Guolan Lu successfully defended her PhD thesis and joined Stanford University
As an emerging optical modality, hyperspectral imaging (HSI) holds great promise for early cancer detection and image-guided surgery. The major advantage of HSI is that it is a noninvasive technology that doesn't require any contrast agent, and it combines wide-field imaging and spectroscopy to simultaneously attain both spatial and spectral information from an object in a non-contact way. Light delivered to the tissue surface undergoes multiple elastic scattering and absorption interactions, and part of it returns as diffuse reflectance carrying diagnostic information about the underlying tissue structure and composition. The biochemical and morphological properties of the tissue change during disease progression. Therefore hyperspectral images, which contain high-dimensional spectral information at each image point, can be analyzed for visualization, characterization, and quantification of the disease state in biological tissue.
The overall goal of this dissertation was to investigate the potential of label-free HSI technology combined with machine learning methods as a noninvasive diagnostic tool for quantitative detection and delineation of head and neck cancer.

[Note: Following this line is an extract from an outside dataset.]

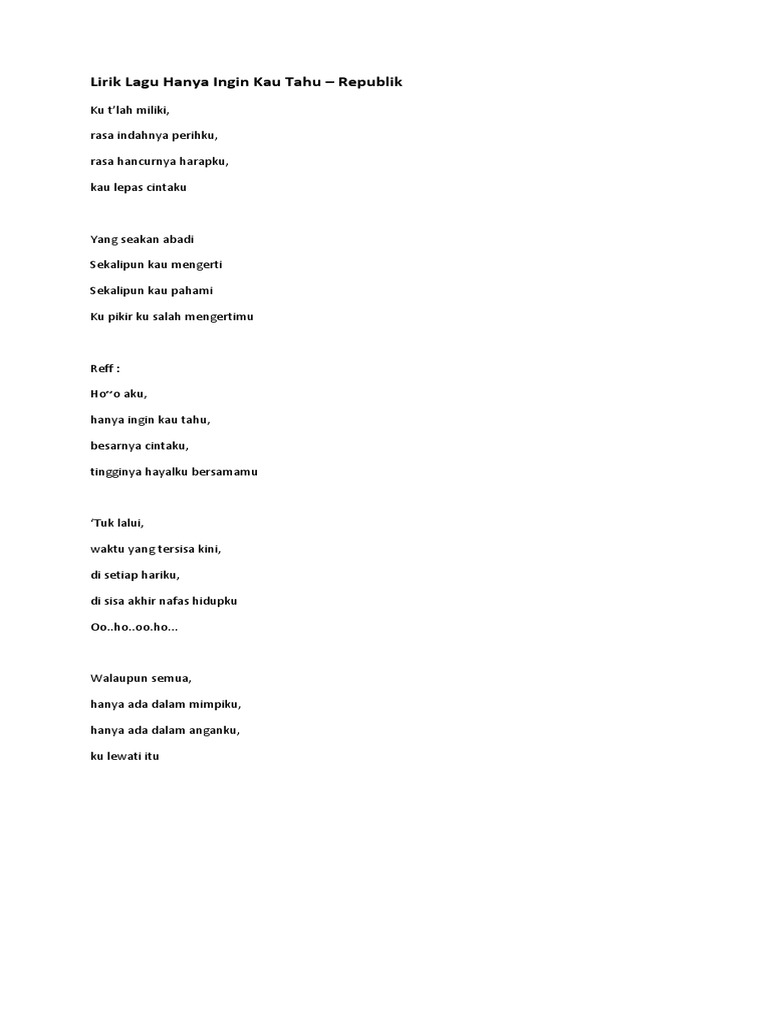 Lirik Lagu Hanya Ingin Kau Tahu Pdf

More specifically, this dissertation work has two applications: the early detection of cancer, and surgical guidance. To achieve this, we had four different aims. The first two aims evaluated the diagnostic performance of HSI and machine learning algorithms at differentiating cancer from normal tissue in preclinical animal models, including a subcutaneous cancer model (Aim 1), and a chemically-induced tongue carcinogenesis model (Aim 2). The last two aims investigated the detection and delineation of head and neck cancer in a surgical animal model (Aim 3) and fresh surgical specimens of human patients (Aim 4).